It’s a literary biography of an invented writer, born Georgy Mikhailovich Ermo-Nikolaev in St. Petersburg in 1914 just after the outbreak of war, whose father, an engineer of noble birth, soon took him to New England, where he grew up: “В отличие от Бунина и Набокова, рядом с которыми его чаще всего ставят, он не вывез из России почти никаких воспоминаний и впечатлений” [Unlike Bunin and Nabokov, with whom he is most often compared, he brought almost no memories and impressions out of Russia]. His beloved Sofya marries another man, he studies literature and begins a career as a professor (writing a promising essay on Dante and Bonagiunta), unexpectedly goes to Spain as a war correspondent, and winds up living in a palace in Venice, where his writing becomes more and more famous and eventually wins him a Nobel Prize. (Cleverly, Buida leaves us guessing what language he writes in until halfway through, when he reveals it’s English, though Ermo also begins writing essays in Russian; I think it might have been even better never to tell us, leaving it a mystery, like so much in the book and in life.) Though it tells a chronological tale, it jumps around, opening with a long quote from Ermo’s last novel, Als Ob (German for ‘as if’ — Ermo is just as multicultural as Buida), and frequently jumping back and forth in time, with ever-richer accumulations of repetitions and allusions.
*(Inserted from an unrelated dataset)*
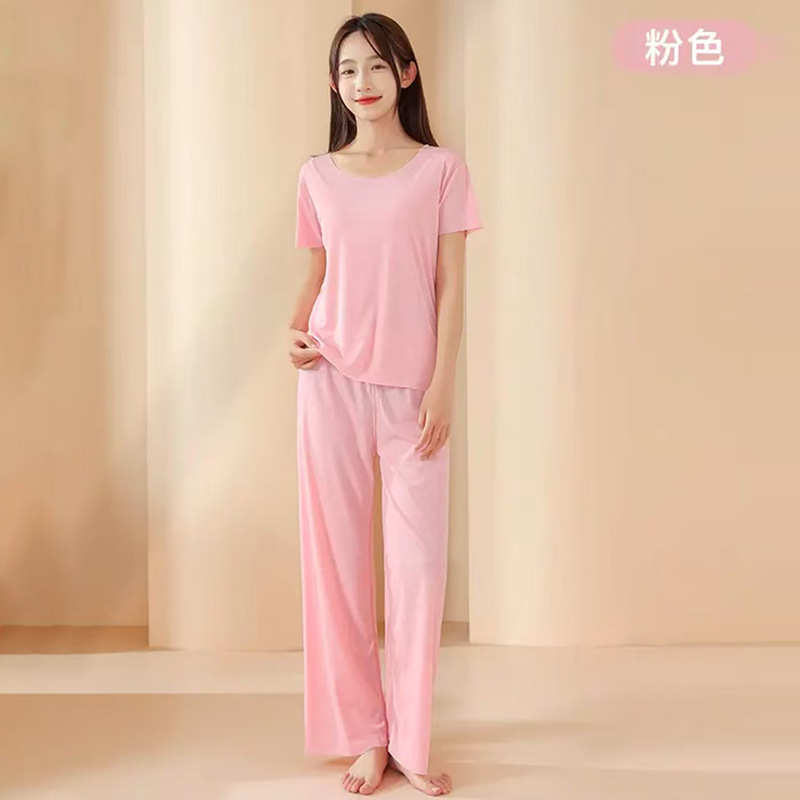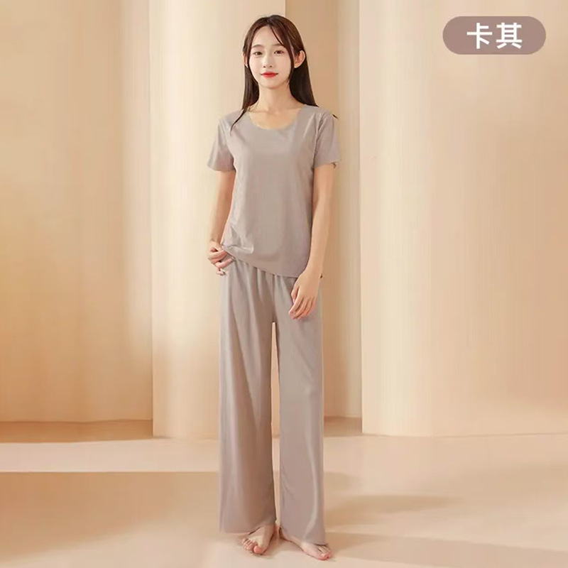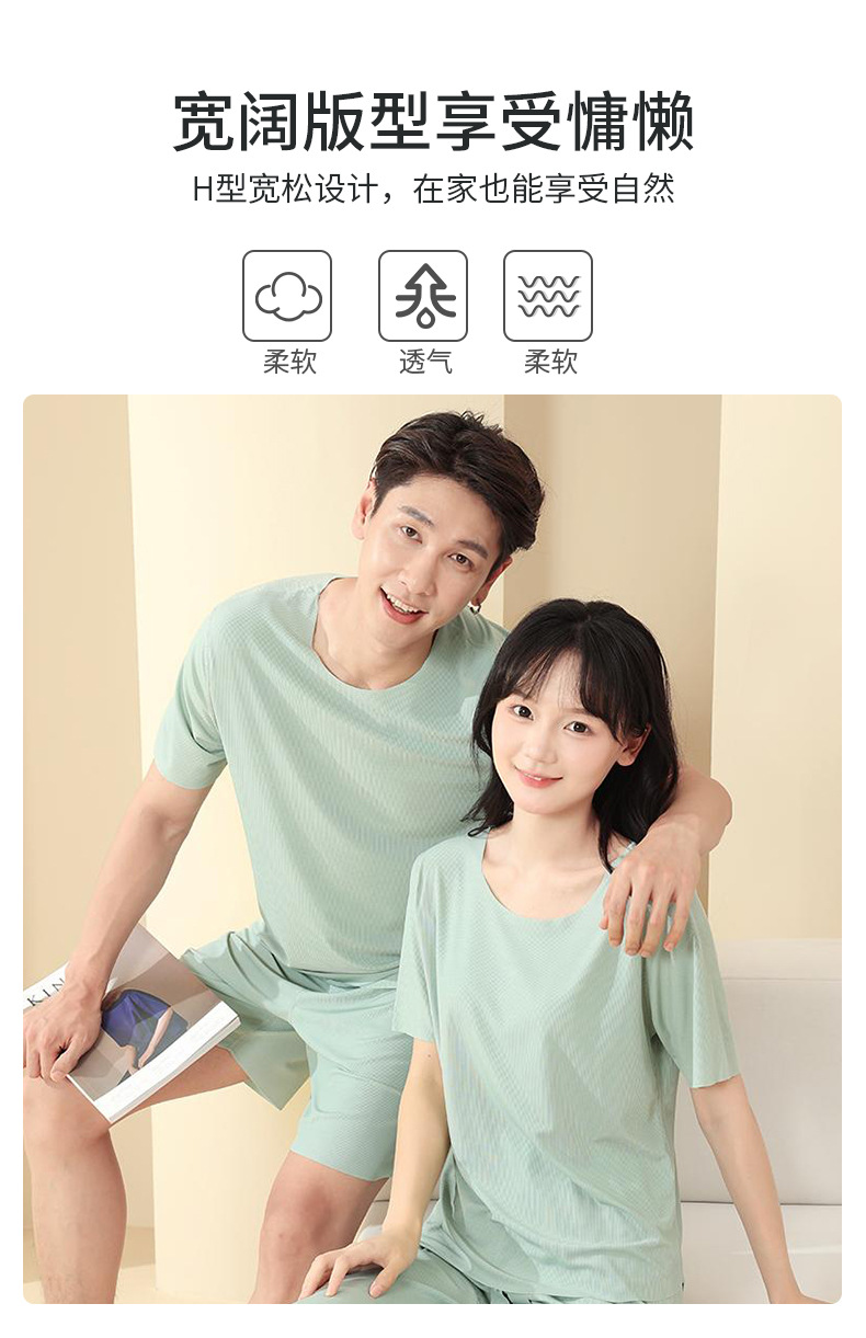 커플 얼음 실크 가정 의류 도매 여름 여성 라운드 넥 반팔 바지 정장 남성 반바지 얼음 실크 잠옷스토어 가기

By the time it’s over, you have not only a strong sense of who Ermo was but an appreciation of Buida’s skill at simulating an eager, slightly pompous biographer who perhaps takes too many liberties (“что и вовсе затрудняет работу биографа, оказывающегося в опасном зазоре между вымыслом и домыслом” [which greatly complicates the work of the biographer, who finds himself in the dangerous gap between invention and speculation]).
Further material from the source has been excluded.